AIM OF THE TASK ->
Leaving out all pictures, reproduce the entries below exactly, from the first line through the line that contains "- 【Safe & Effective】Vivi".

[Stored items]
◆ ◆ ◆ ◆ ◆ ◆ ◆

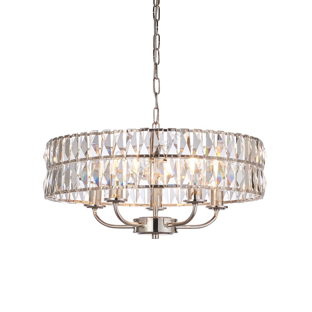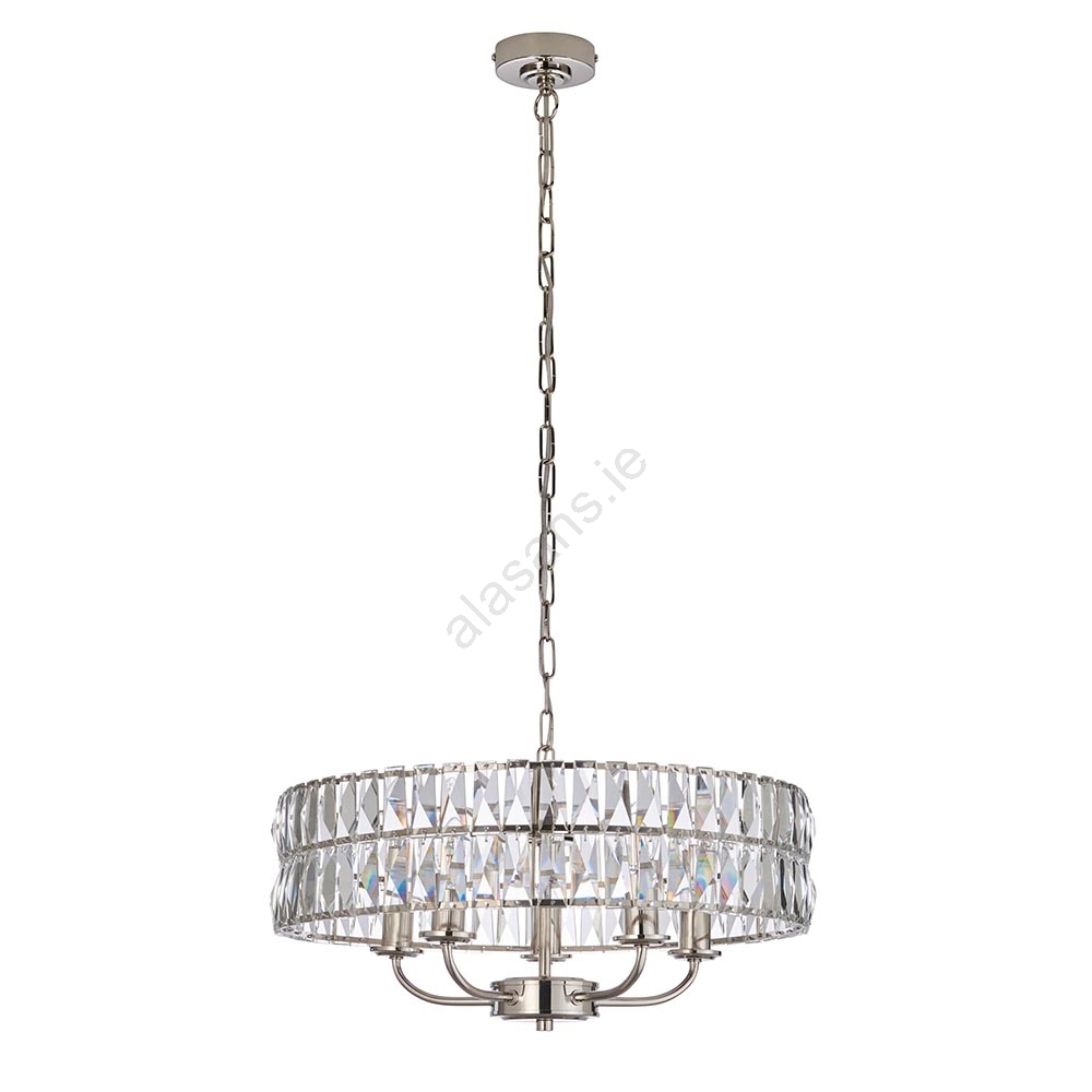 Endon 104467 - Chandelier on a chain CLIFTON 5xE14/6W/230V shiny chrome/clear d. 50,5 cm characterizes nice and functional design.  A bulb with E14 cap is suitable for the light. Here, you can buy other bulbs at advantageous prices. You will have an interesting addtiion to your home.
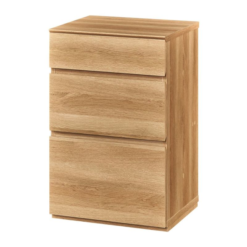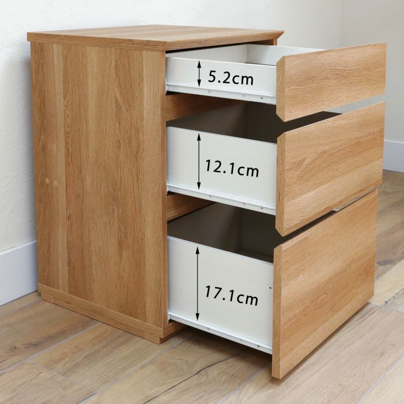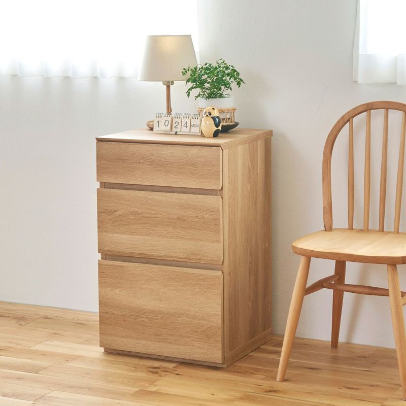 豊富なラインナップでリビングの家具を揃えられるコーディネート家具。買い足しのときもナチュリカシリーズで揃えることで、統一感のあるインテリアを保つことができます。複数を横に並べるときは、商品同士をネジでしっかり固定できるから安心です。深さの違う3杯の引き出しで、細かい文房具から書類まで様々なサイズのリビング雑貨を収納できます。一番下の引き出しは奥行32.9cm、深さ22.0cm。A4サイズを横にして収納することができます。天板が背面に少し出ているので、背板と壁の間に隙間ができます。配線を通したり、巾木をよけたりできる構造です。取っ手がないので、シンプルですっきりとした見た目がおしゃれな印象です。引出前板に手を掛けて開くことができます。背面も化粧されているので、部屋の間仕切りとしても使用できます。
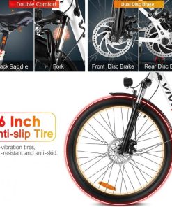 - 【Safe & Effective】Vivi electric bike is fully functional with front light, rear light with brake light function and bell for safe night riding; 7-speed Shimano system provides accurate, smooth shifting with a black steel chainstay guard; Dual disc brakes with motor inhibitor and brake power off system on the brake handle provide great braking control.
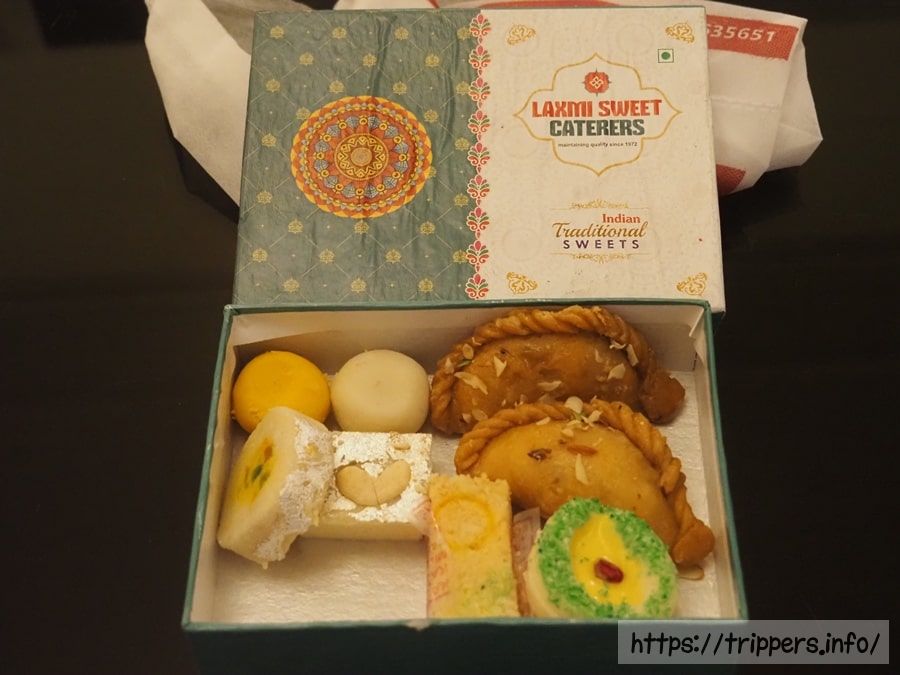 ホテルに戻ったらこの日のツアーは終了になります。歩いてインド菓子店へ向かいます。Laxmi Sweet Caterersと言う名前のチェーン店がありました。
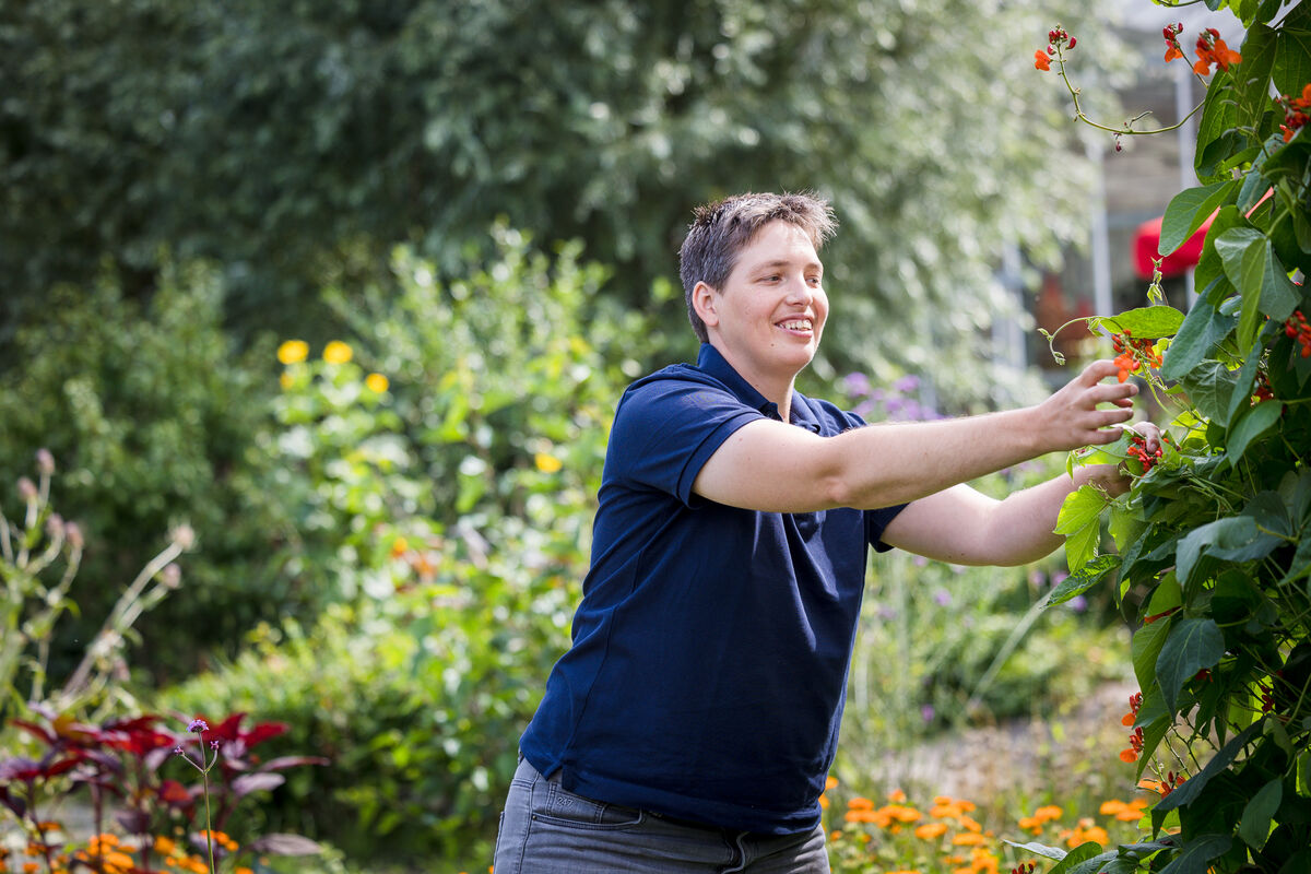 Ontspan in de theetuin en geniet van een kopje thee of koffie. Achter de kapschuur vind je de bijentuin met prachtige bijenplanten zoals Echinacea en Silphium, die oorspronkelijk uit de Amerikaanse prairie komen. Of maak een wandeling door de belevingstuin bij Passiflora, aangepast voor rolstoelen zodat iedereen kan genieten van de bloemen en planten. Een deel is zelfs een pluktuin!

◆ ◆ ◆ ◆ ◆ ◆ ◆

YOUR RESPONSE ->
 Endon 104467 - Chandelier on a chain CLIFTON 5xE14/6W/230V shiny chrome/clear d. 50,5 cm characterizes nice and functional design.  A bulb with E14 cap is suitable for the light. Here, you can buy other bulbs at advantageous prices. You will have an interesting addtiion to your home.
 豊富なラインナップでリビングの家具を揃えられるコーディネート家具。買い足しのときもナチュリカシリーズで揃えることで、統一感のあるインテリアを保つことができます。複数を横に並べるときは、商品同士をネジでしっかり固定できるから安心です。深さの違う3杯の引き出しで、細かい文房具から書類まで様々なサイズのリビング雑貨を収納できます。一番下の引き出しは奥行32.9cm、深さ22.0cm。A4サイズを横にして収納することができます。天板が背面に少し出ているので、背板と壁の間に隙間ができます。配線を通したり、巾木をよけたりできる構造です。取っ手がないので、シンプルですっきりとした見た目がおしゃれな印象です。引出前板に手を掛けて開くことができます。背面も化粧されているので、部屋の間仕切りとしても使用できます。
 - 【Safe & Effective】Vivi electric bike is fully functional with front light, rear light with brake light function and bell for safe night riding; 7-speed Shimano system provides accurate, smooth shifting with a black steel chainstay guard; Dual disc brakes with motor inhibitor and brake power off system on the brake handle provide great braking control.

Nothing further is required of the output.